You make a good point, but considering everything that we have all seen thus far - I don't blame anyone for pulling their respective ears in.
How about a quick review - We have Congress. We have banking and finance committees in both the House and Senate. We have the Fed. We have the SEC. We have the OFHEO. We have State banking regulators. We have the FDIC. Between the elected officials, their agencies and the pseudo government Fed, there has to be THOUSANDS of employees. Therefore, all of these people were working in a sewer and nobody smelled anything? Am I the only crazy person out here?

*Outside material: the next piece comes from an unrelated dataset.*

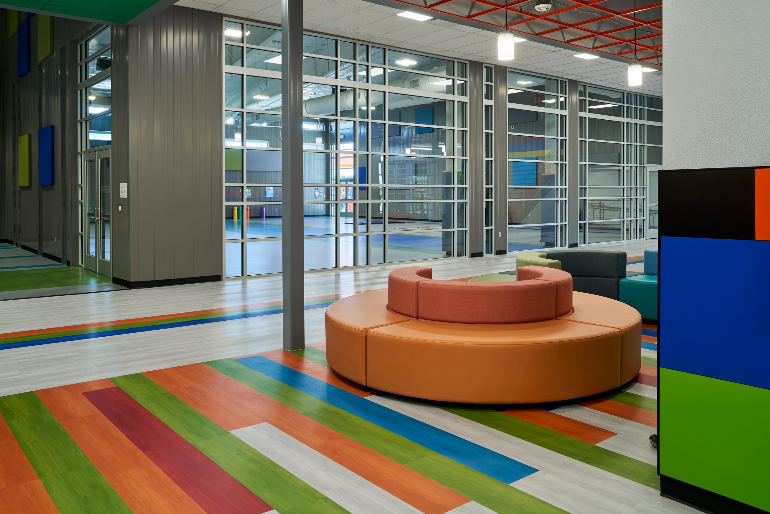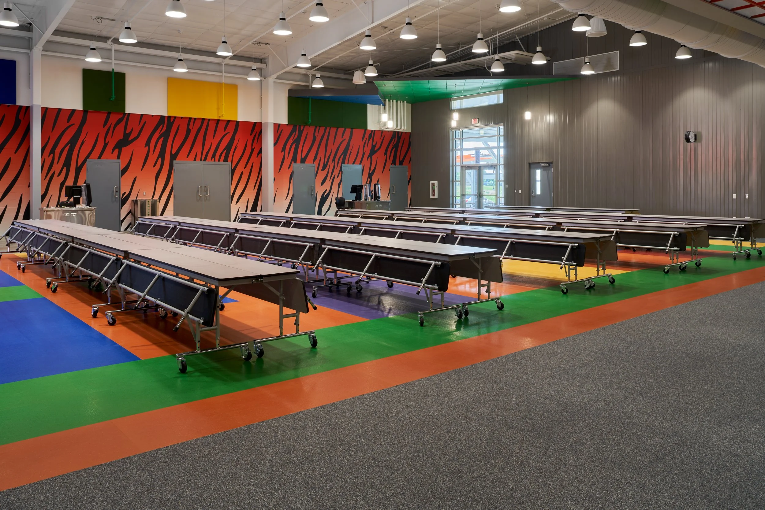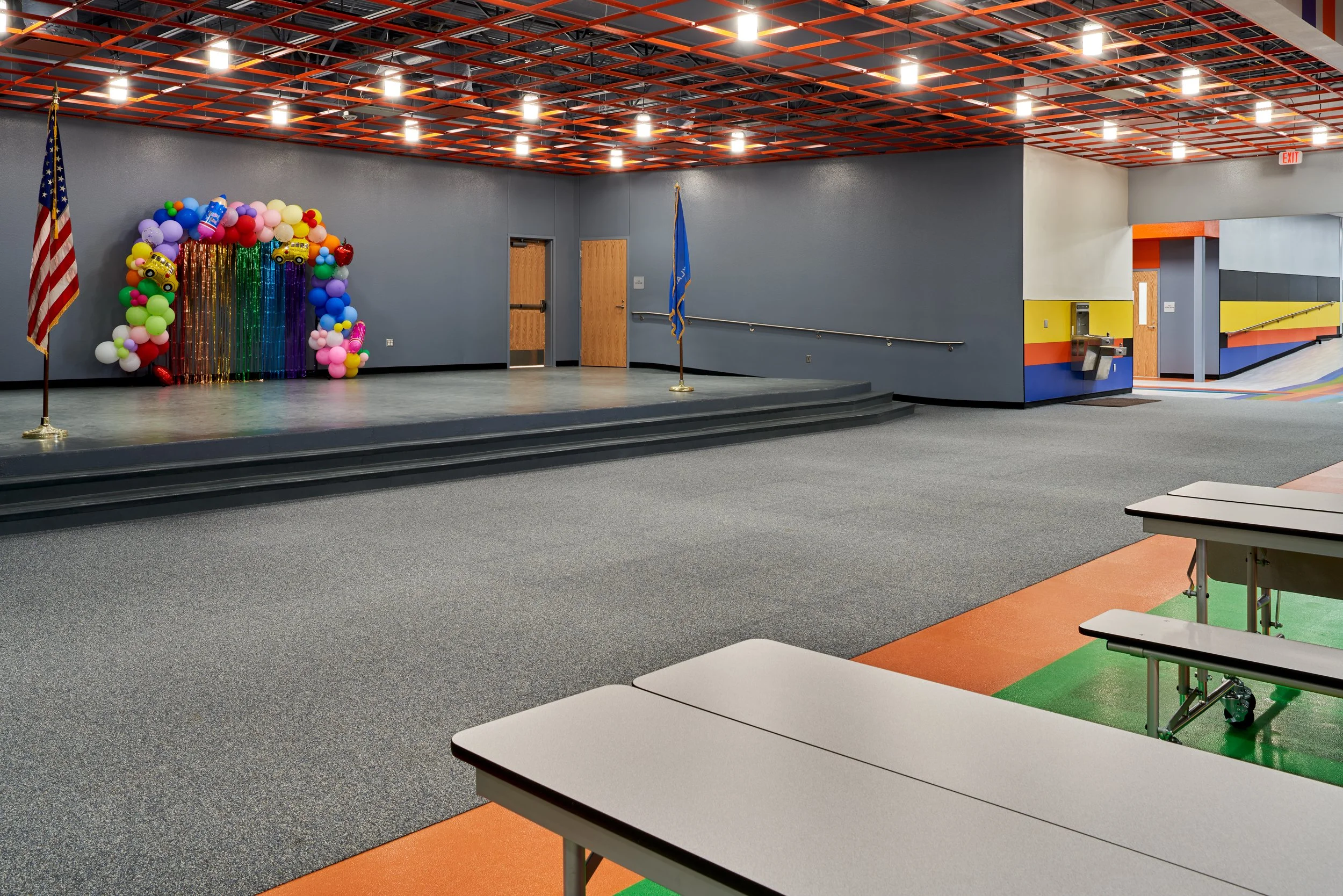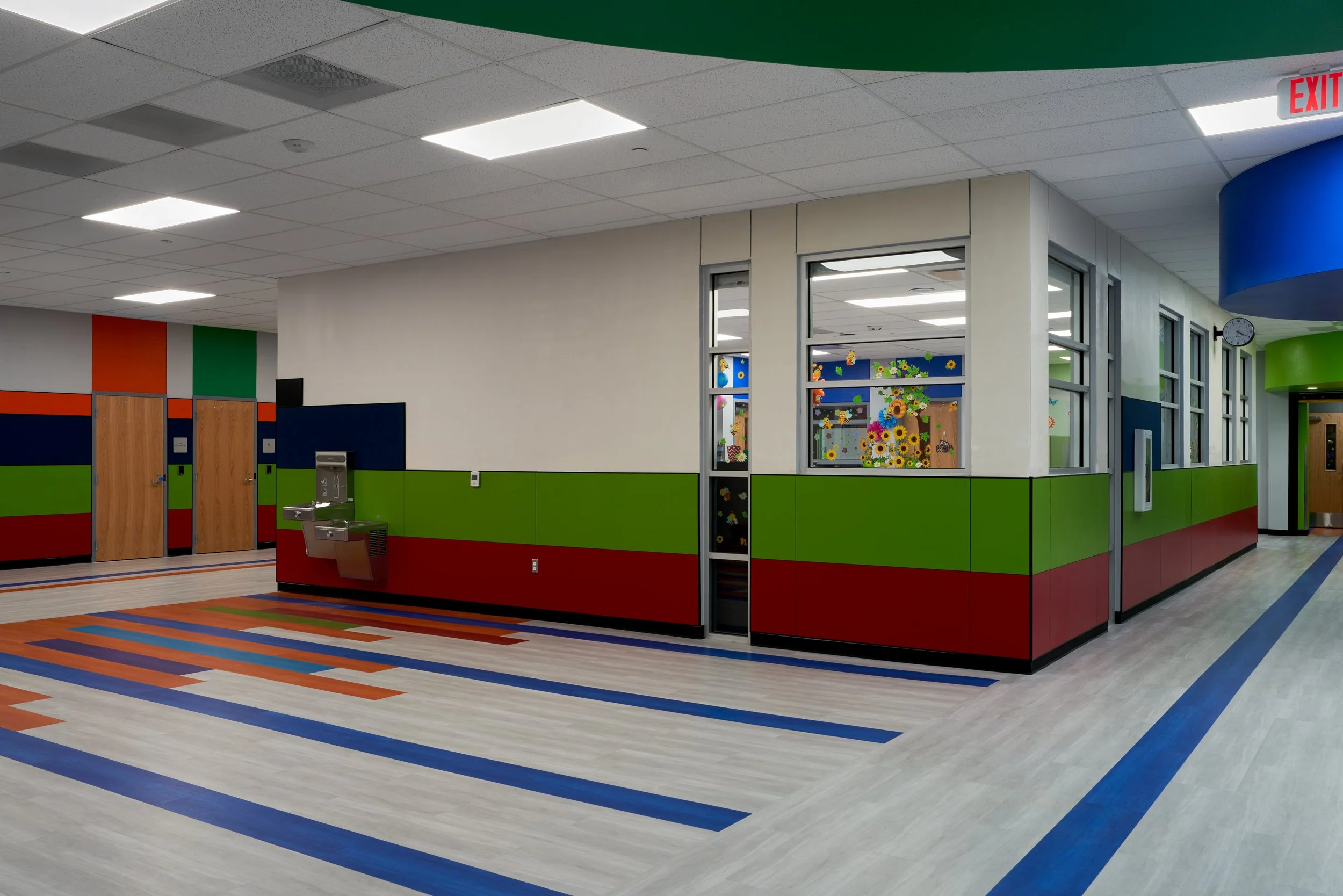 The facility includes general education classrooms supported by specialty spaces for music and physical education, along with a library and dedicated administration area. A full-service cafeteria, gymnasium, and storm shelter were integrated into the building to support daily use while enhancing safety. Indoor and outdoor playgrounds further expand opportunities for student activity and engagement. Together, these elements create a flexible and durable elementary school that supports instructional needs, student wellness, and long-term district use.

I agree that it would be nice for exec's of stable operations to at least hint at what they think is coming, but when the heads of the big banks cannot muster more than "Duh", I don't blame anyone for keeping mum. It is the money, and nobody knows where it is at. They know they lost, but not how much. Talk about uncertainty? It is not any better on the other side of the pond either. The Brits held hearings also. Their bankers rate a little better than our as they were at least apologetic, but they don't know what the hell is going on either.
The Swiss are not talking and the 140+ year old HSBC is pushing commercials to buy CD's. Maybe they know where the money is?
What's odd in the above para?
2-23-2009 @ 9:28AM
Beltway Greg said...
Couldn't agree more but how can we get the
Chairman formerly know as Greenspan to stop speaking about his trusted LIBOR rates
and Paul Volker to pipe down about what he sees when he looks into his crystal ball? No doubt both of them commanded a lofty platform a few year ago and I bet I can find a quote from Volker which praises the complexities of our banking system and how it promoted economic efficiencies. Now he states quite the opposite. They've both become day old papers. Could someone please send them both to Miami and find a nice, comfortable place in the shade for both of them so they can sit together in their shared dotterage? And if you work for an organization could you insist that if they do indeed speak to your organization's annual picnic/shareholders meeting/wiener roast/golf outing that no press be present?
Thanking you in advance. Your pal, Beltway Greg
3-13-2009 @ 5:03PM
redhoefler said...
This article is getting pretty outdated, please update or pull it
3-13-2009 @ 5:40PM
Sheldon L said...
Red...did it ever occur to you that the CEO's speaking up now read this story!
It should stand for those in corporate management that have not gotten the message yet!